4. The State party contested the admissibility of the communication through notes verbales dated 29 August and 30 December 2008. It pointed out that the issue of the validity of the ballot paper had been dealt with by electoral management bodies and the relevant courts. The final decision should in no way be branded as arbitrary, unreasonable, inadmissible or not in line with the objectives of the Covenant. It also requires an appreciation of the facts and an interpretation of electoral law that must be beyond reproach. The State party therefore considers that the communication must be considered inadmissible since it fails to address any issue relating to strict compliance with the Covenant and constitutes a use of the Covenant that amounts to clear abuse of its purpose according to the provisions of article 3 of the Optional Protocol. The State party also contends that the communication manifestly lacks substantiation and requests the Committee, failing inadmissibility, to consider that there has been no violation of the Covenant.

Authors’ comments on the State party’s observations

5. In their comments of 5 March 2009, the authors reiterate their initial complaints and the fact that the Constitutional Court acted arbitrarily by not following case law on ballot papers with marks or signs. They allege that the Court’s ruling is contradictory, since, on the one hand, it states that it is strictly a matter of electoral legality, which it is not competent to review, and, on the other hand, it annuls decisions made by electoral bodies and the Superior Court of Justice.

Committee’s decision on admissibility

6.1 Before considering any claim contained in a communication, the Human Rights Committee must decide, in accordance with rule 93 of its rules of procedure, whether or not the communication is admissible under the Optional Protocol to the Covenant.

6.2 As required under article 5, paragraph 2 (a), of the Optional Protocol, the Committee has ascertained that the same matter is not being examined under another procedure of international investigation or settlement.

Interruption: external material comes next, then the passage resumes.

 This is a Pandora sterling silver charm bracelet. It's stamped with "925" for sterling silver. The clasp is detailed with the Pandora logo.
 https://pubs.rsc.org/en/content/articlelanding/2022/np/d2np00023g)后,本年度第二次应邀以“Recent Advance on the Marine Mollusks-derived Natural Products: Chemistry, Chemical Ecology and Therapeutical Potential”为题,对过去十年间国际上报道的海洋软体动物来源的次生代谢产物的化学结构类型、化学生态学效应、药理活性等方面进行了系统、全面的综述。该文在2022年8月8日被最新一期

6.3 The authors contend that the Constitutional Court’s ruling declaring that the controversial ballot paper was void violated their rights to equality before the courts, to an effective remedy and to be elected, as provided for respectively in article 14, paragraph 1; article 2, paragraph 3; and article 25 (b) and (c) of the Covenant. The Committee observes that these complaints refer to a review of the facts and evidence by the courts of the State party. The Committee recalls its jurisprudence in this respect and reiterates that, generally speaking, it is for the relevant domestic courts to review or evaluate facts and evidence, unless their evaluation is manifestly arbitrary or amounts to a denial of justice.4 After examining the decisions handed down by the domestic courts, the Committee considers that the authors have not shown sufficient grounds to support their argument that there was such arbitrariness or denial of justice, and it therefore concludes that the communication must be declared inadmissible pursuant to article 2 of the Optional Protocol.

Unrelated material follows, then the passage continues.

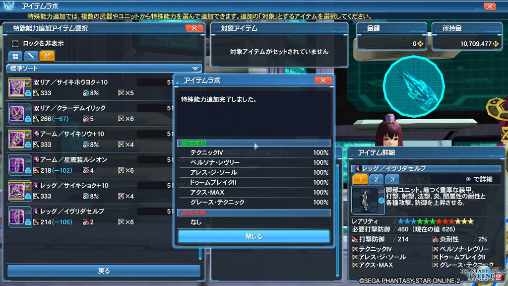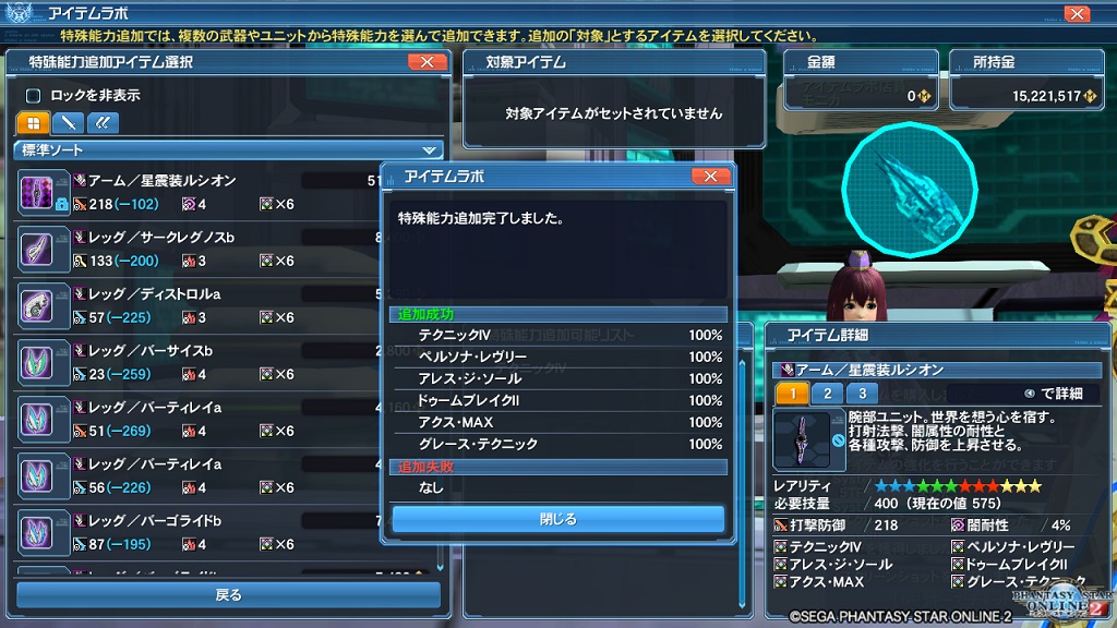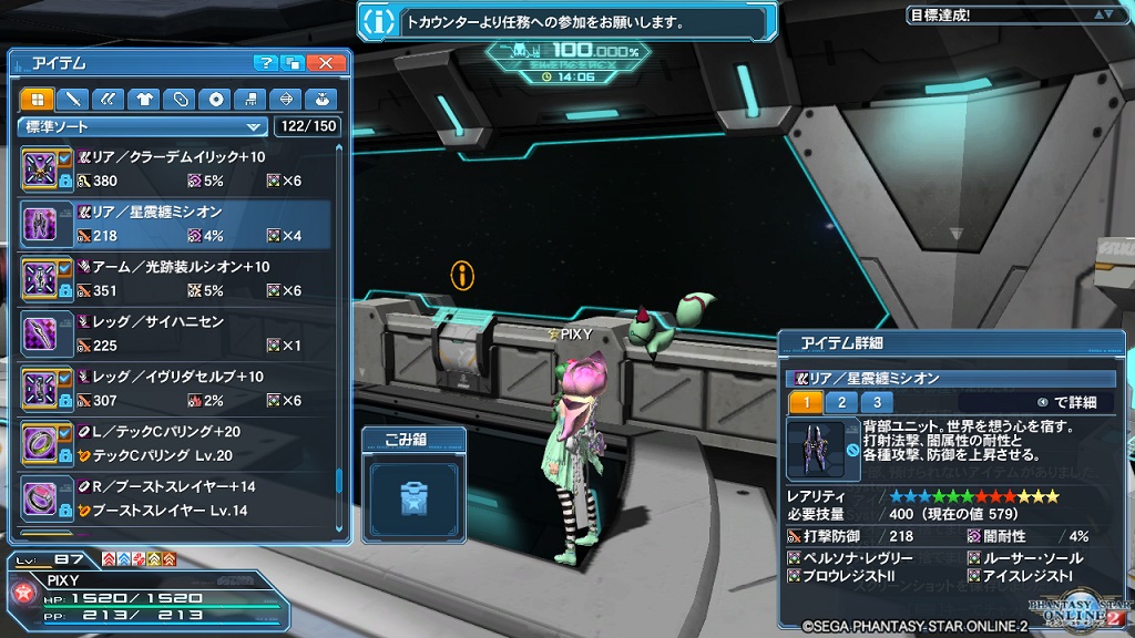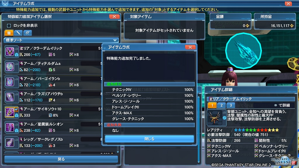 | ■1月1日:私は待っていた ☆12のユニットが揃うのを・・・ というわけでようやくまともな☆12防具の特殊能力追加にとりかかりました。 LV80解放条件の「盤石なる防具の創造主」の称号はどうしたって?ステラウォールで逃げたさ・・・・ 未だにサイキだったからねぇ・・・ そして特殊能力がまったくもってわからない。ソール3の時代以降やってないからねぇ・・・ 色々と調べて能力追加しましたよ。その完成形がこちら。 ![]() ![]() ![]() 例のユニットを1個だけ拾えてます。今エレボス43個だからあと2回で光跡に交換できるかな? で、調べてやった弊害で本来はグレース・スタミナを付けるはずが間違ってそのまま参照した サイトのグレース・テクニックのままでやってしまってHPが1280⇒980に・・・・ 今日の一言:特殊能力(法撃&PP/3)が800万で買えちゃったのがまずかった。 |

7. The Human Rights Committee therefore decides:

(a) That the communication is inadmissible under article 2 of the Optional

Protocol;

(b) That this decision shall be communicated to the State party and to the authors and their counsel.

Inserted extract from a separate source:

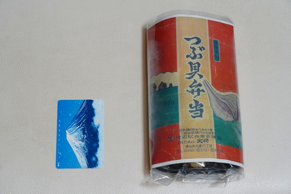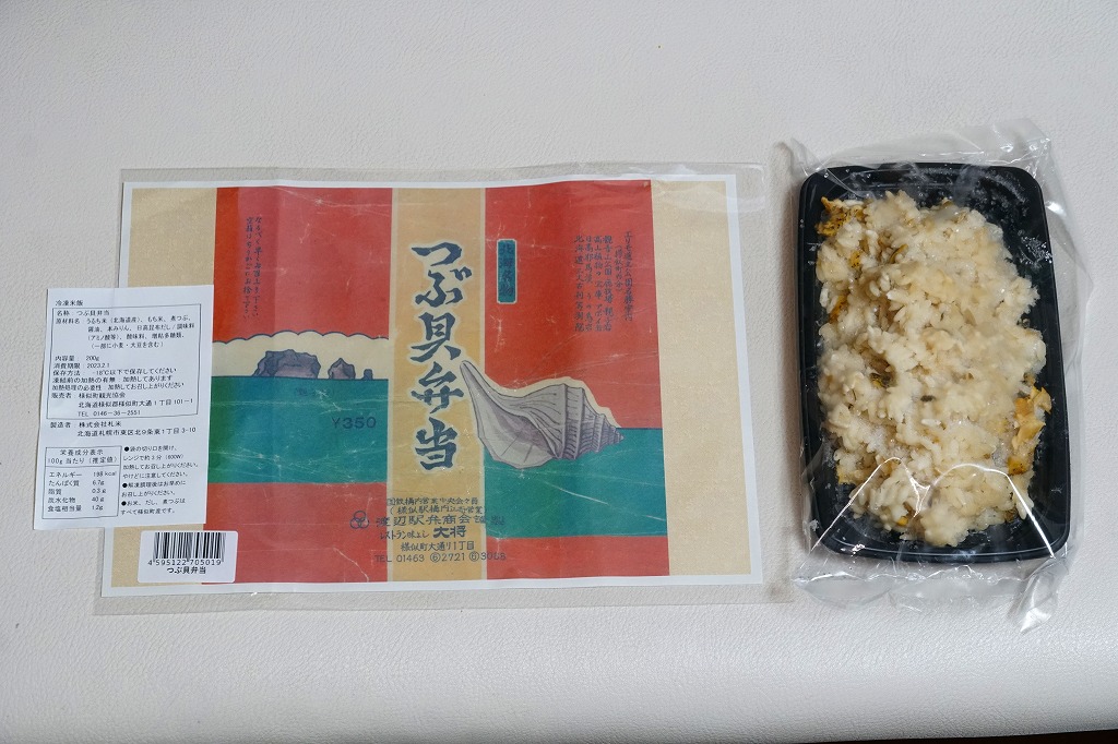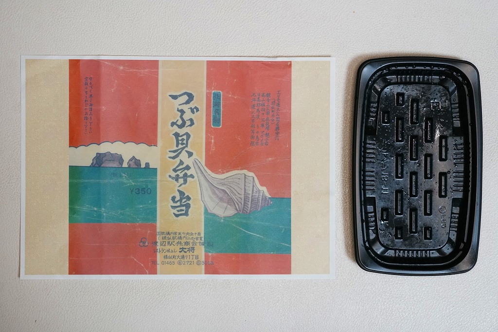 掛紙は現役当時のものをカラーコピー。容器は現地の掲示や通販サイトの掲載では黒塗りの重箱であるが、ここでは冷凍食品の通信販売で黒いプラ製トレー。その中につぶ貝の混ぜ御飯だけを詰める。貝の飯なのに臭みも固さもない、滋味あふれる感じ。イベントの終了後も、かつての駅舎に入居した観光案内所で、冷凍食品として予約販売される。カラーコピー掛紙だけの販売もある。

[Adopted in English, French and Spanish, the Spanish text being the original version. Subsequently to be issued also in Arabic, Chinese and Russian as part of the Committee’s annual report to the General Assembly.]

 

Notes_________________

 

* The following members of the Committee participated in the examination of the present communication: Mr. Abdelfattah Amor, Mr. Lazhari Bouzid, Ms. Christine Chanet, Mr. Mahjoub El Haiba, Mr. Ahmad Amin Fathalla, Mr. Yuji Iwasawa, Ms. Helen Keller, Mr. Rajsoomer Lallah, Ms. Zonke Zanele Majodina, Ms. Iulia Antoanella Motoc, Mr. Michael O’Flaherty, Mr. José Luis Pérez Sanchez-Cerro, Mr. Rafael Rivas Posada, Sir Nigel Rodley, Mr. Fabian Omar Salvioli, Mr. Krister Thelin and Ms. Ruth Wedgwood.

1 The Optional Protocol entered into force for Spain on 25 April 1985.

2 The town council of La Unión has a total of 17 seats.

3 The Izquierda Unida-Los Verdes did not join this appeal.

4 See communication No. 1212/2003, Lanzarote v. Spain, decision of inadmissibility of 25 July 2006, para. 6.3.